God decried the decay of society in Lot’s day as we read in Luke 17:28-29, “Likewise as it was also in the days of Lot: They ate, they drank, they bought, they sold, they planted, they built; but on the day that Lot went out of Sodom it rained fire and brimstone from heaven and destroyed them all.”

In 2 Peter 3:1-13, “Beloved, I now write to you this second epistle (in both of which I stir up your pure minds by way of reminder), that you may be mindful of the words which were spoken before by the holy prophets, and of the commandment of us, the apostles of the Lord and Savior, knowing this first: that scoffers will come in the last days, walking according to their own lusts, and saying, ‘Where is the promise of His coming? For since the fathers fell asleep, all things continue as they were from the beginning of creation.’ For this they willfully forget: that by the word of God the heavens were of old, and the earth standing out of water and in the water, by which the world that then existed perished, being flooded with water.
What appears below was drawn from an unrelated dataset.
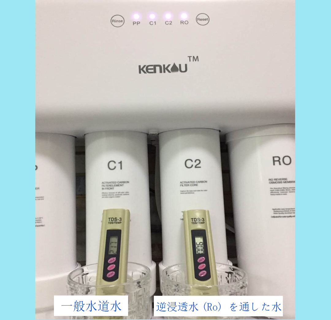 元々、海水から真水を造る為に開発された逆浸透膜式の浄水器は水に完全に溶けてイオン化した不純物も95%の高率で分離除去する事が可能です。

But the heavens and the earth which are now preserved by the same word, are reserved for fire until the day of judgment and perdition of ungodly men. But, beloved, do not forget this one thing, that with the Lord one day is as a thousand years, and a thousand years as one day. The Lord is not slack concerning His promise, as some count slackness, but is longsuffering toward us, not willing that any should perish but that all should come to repentance. But the day of the Lord will come as a thief in the night, in which the heavens will pass away with a great noise, and the elements will melt with fervent heat; both the earth and the works that are in it will be burned up. Therefore, since all these things will be dissolved, what manner of persons ought you to be in holy conduct and godliness, looking for and hastening the coming of the day of God, because of which the heavens will be dissolved, being on fire, and the elements will melt with fervent heat? Nevertheless we, according to His promise, look for new heavens and a new earth in which righteousness dwells.”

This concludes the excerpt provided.